Gelinen aşamada Kamu Maliyesi’nin, REEL sektörün de hane halklarının da durumu iktisadi olarak iyi değildir.
“Mutlak surette STABL bir para birimi/muhasebe sistemi kullanımı…”
Mutlak surette toplumsal bir mutabakatla, TL'den kaynaklı KKTC'de ticaret erbabından tutun, hane halkları ve nihayetinde kamu maliyesine hem gelir, hem de gider anlamında olumsuz yansımaları, verilerle şeffaf ve iyi niyetle Türkiye Cumhuriyeti’ne anlatılmalıdır. Çünkü biz direkt ulaşımın olmadığı bundan dolayı turizm hatta eğitimde rekabet edebilirliğimizin zayıfladığı bir yapıda, sürekli olarak iç borçlanmalarla bu sürecin üstesinden gelemeyiz. 'TL'den kaynaklı sıkıntılar bir şekilde Türkiye Cumhuriyeti ile yapılacak bir anlaşmayla telafi edilmelidir. Bu antlaşmada her yıl yapılan İktisadi işbirliği antlaşmaları dışında bir antlaşma olup rutin uygulanmalıdır.
Uygulanması mümkün mü?
Açıkçası 2022 yılının ilk 2 ayında olduğu gibi herhangi bir performansa dayalı olmamasına rağmen savunma giderleri için bile kaynağın gelmediği ve bu giderlerin KKTC'nin yerel gelirlerinden karşılandığı bu nedenle iç borçlanmaya gidildiği, ilaç alınamadığı bir konjonktürde pek ümitli değilim diyelim.
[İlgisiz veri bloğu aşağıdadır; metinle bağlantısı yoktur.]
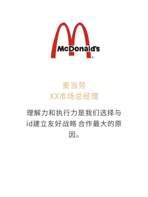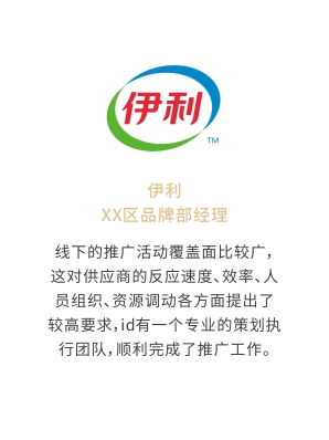 i-d先后經(jīng)歷與Audi、Mercedes-Benz、infiniti、PORSCHE、可口可樂(lè)、麥當(dāng)勞、肯德基、Budweiser、華為、小米、中國(guó)移動(dòng)、ELLE、L'OREAL、萬(wàn)達(dá)、仁恒置地、恒大、碧桂園、蘭桂坊...的業(yè)務(wù)合作,成功地將國(guó)際化的營(yíng)銷策劃理念及執(zhí)行方式融入本土,為更多的中國(guó)企業(yè)開啟全新的品牌推廣思路和執(zhí)行方案。

Bu nedenle mutlak surette STABL bir para birimi/muhasebe sistemi kullanımına KKTC olarak geçmemiz gerektiği kanaatindeyim. Bu konuda sadece hükümetin değil özellikle bu fikri savunan seçim öncesinde programına koyan ana muhalefetin gerek Brüksel gerekse Güneydeki hükümet ve muhalefet partileriyle görüşüp talepkar olmaları gerektiği kanaatindeyim.”